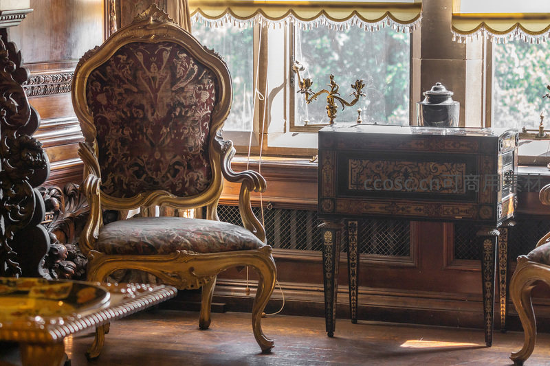阳光透过窗棂洒在雕工繁复的鎏金扶手椅与漆器边桌上,展现18世纪欧洲贵族宅邸的典雅与静谧。
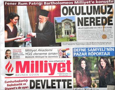 O Οικουμενικüς ΠατριÜρχης δεν παρÝλειψε να συγχαρεß και την δημοσιογρÜφο Pelin Batu για την προετοιμασßα, μαζß με τον Nezih Basgelen, εμπεριστατωμÝνου αφιερþματος στα γεγονüτα της 6ης-7ης Σεπτεμβρßου 1955 που δημοσιεýτηκε στην Milliyet σε Ýξι συνÝχειες και ολοκληρþθηκε την ΠαρασκευÞ, στo οποßo φιλοξενοýνται τεκμηριωμÝνες περιγραφÝς των γεγονüτων, αναφορÝς και σχüλια ακαδημαúκþν, διπλωματþν και διευθυντþν σýνταξης εφημερßδων εκεßνης της εποχÞς. ¼λα οδηγοýν σε Ýνα συμπÝρασμα, üπως το διετýπωσε ο συγγραφÝας Yilmaz Karakoyunlu: «Τα γεγονüτα της 6ης-7ης Σεπτεμβρßου 1955 Þταν μßα μεθüδευση του βαθÝoς κρÜτους...» |
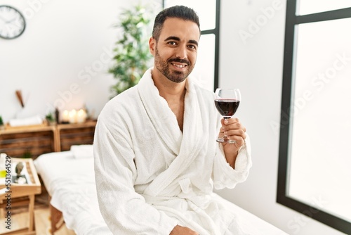 Young hispanic man wearing bathrobe toasting with wine at beauty center
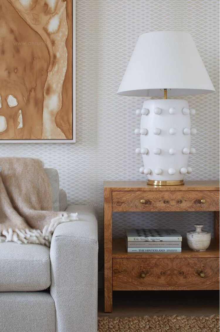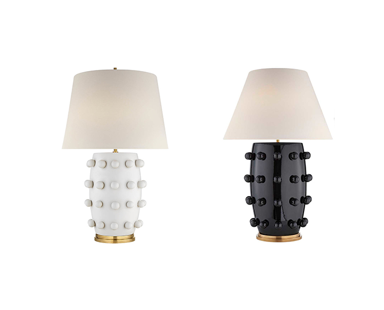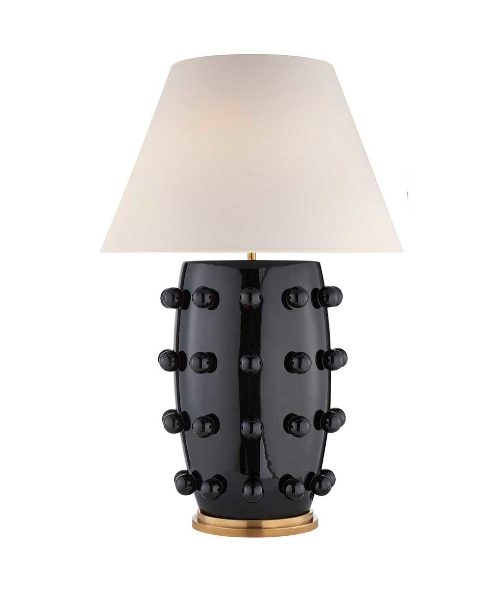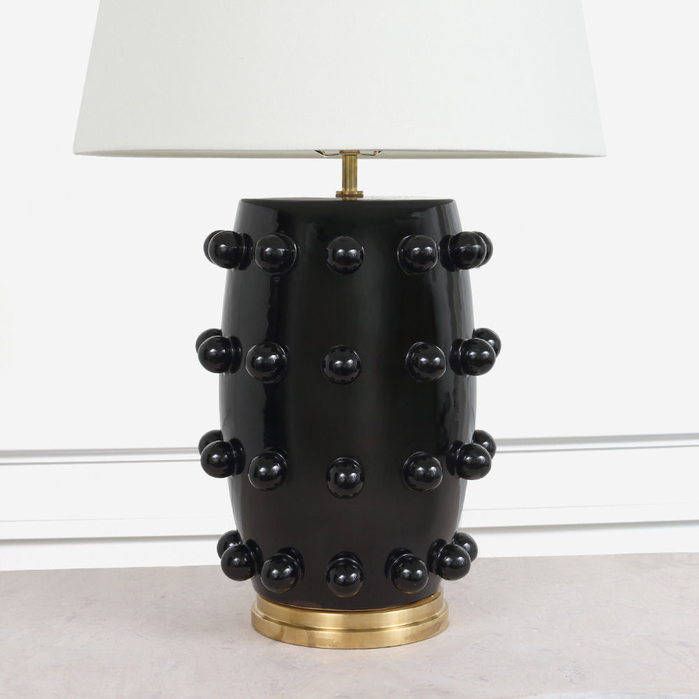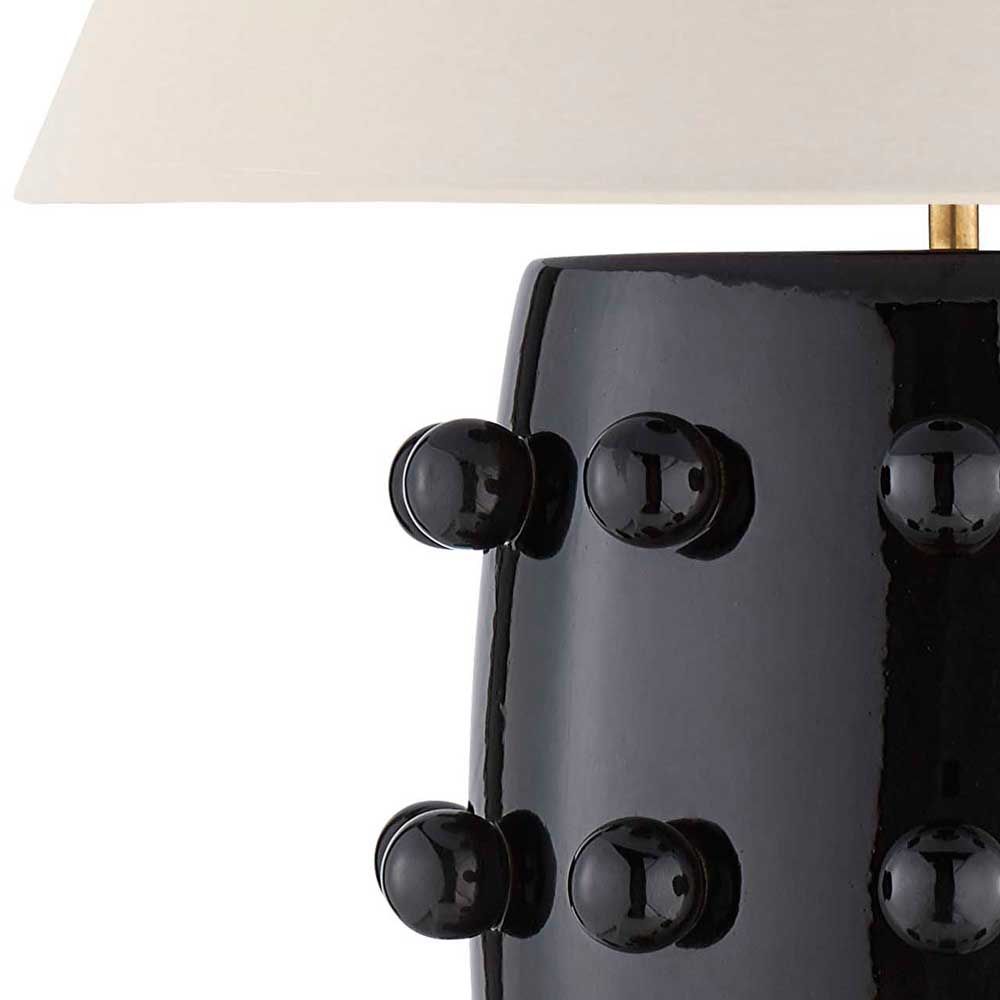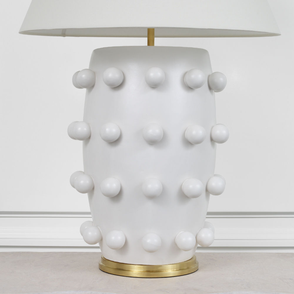 Linden台灯采用精美雕刻的陶瓷底座上的重复装饰球体,充满趣味与精致的对比。 这款台灯采用亚麻色调,古董抛光黄铜细节,并采用黑色或白色石膏饰面。
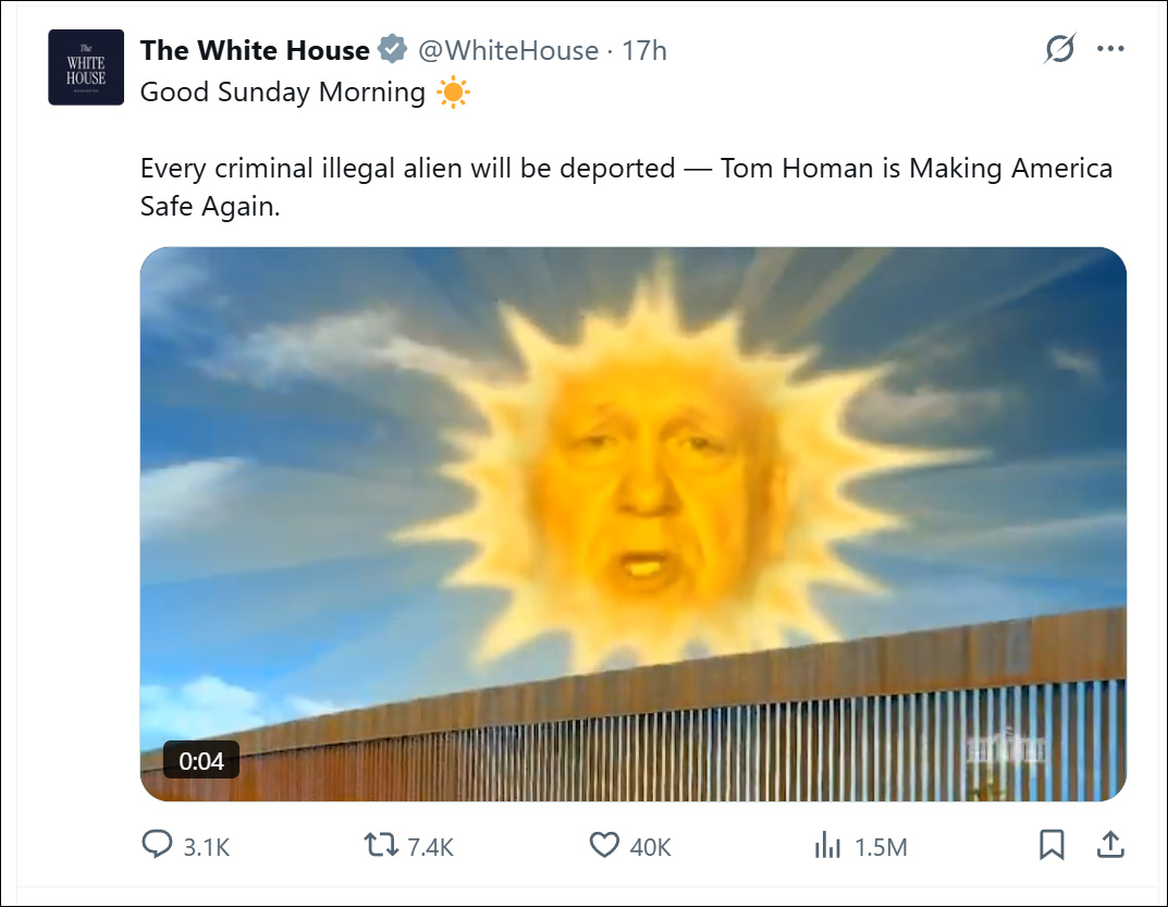 當地時間8月10日早晨,美國白宮在社交媒體平台‘X’的官方賬號發佈了一則“早安”視頻。視頻疑似借用了《天線寶寶》的畫面,而其標誌性的太陽中的嬰兒臉被替換成了美國白宮邊境事務主管湯姆·霍曼。美國白宮還配文稱,“星期天早上好。所有非法移民都將被驅逐出境——湯姆·霍曼正在讓美國再次安全。”
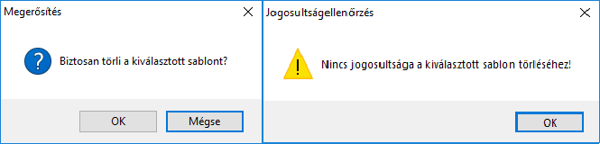 A jogosultság alapján valamely ablakkal találkozik a sablon törlése során:

■ ■ ■ ■ ■ ■ ■

> PROBLEM REQUIREMENTS: Output each line exactly as shown above; no pictures go in the copy.

> RESULT:
阳光透过窗棂洒在雕工繁复的鎏金扶手椅与漆器边桌上,展现18世纪欧洲贵族宅邸的典雅与静谧。
 O Οικουμενικüς ΠατριÜρχης δεν παρÝλειψε να συγχαρεß και την δημοσιογρÜφο Pelin Batu για την προετοιμασßα, μαζß με τον Nezih Basgelen, εμπεριστατωμÝνου αφιερþματος στα γεγονüτα της 6ης-7ης Σεπτεμβρßου 1955 που δημοσιεýτηκε στην Milliyet σε Ýξι συνÝχειες και ολοκληρþθηκε την ΠαρασκευÞ, στo οποßo φιλοξενοýνται τεκμηριωμÝνες περιγραφÝς των γεγονüτων, αναφορÝς και σχüλια ακαδημαúκþν, διπλωματþν και διευθυντþν σýνταξης εφημερßδων εκεßνης της εποχÞς. ¼λα οδηγοýν σε Ýνα συμπÝρασμα, üπως το διετýπωσε ο συγγραφÝας Yilmaz Karakoyunlu: «Τα γεγονüτα της 6ης-7ης Σεπτεμβρßου 1955 Þταν μßα μεθüδευση του βαθÝoς κρÜτους...» |
 Young hispanic man wearing bathrobe toasting with wine at beauty center
 Linden台灯采用精美雕刻的陶瓷底座上的重复装饰球体,充满趣味与精致的对比。 这款台灯采用亚麻色调,古董抛光黄铜细节,并采用黑色或白色石膏饰面。
 當地時間8月10日早晨,美國白宮在社交媒體平台‘X’的官方賬號發佈了一則“早安”視頻。視頻疑似借用了《天線寶寶》的畫面,而其標誌性的太陽中的嬰兒臉被替換成了美國白宮邊境事務主管湯姆·霍曼。美國白宮還配文稱,“星期天早上好。所有非法移民都將被驅逐出境——湯姆·霍曼正在讓美國再次安全。”
 A jogosultság alapján valamely ablakkal találkozik a sablon törlése során:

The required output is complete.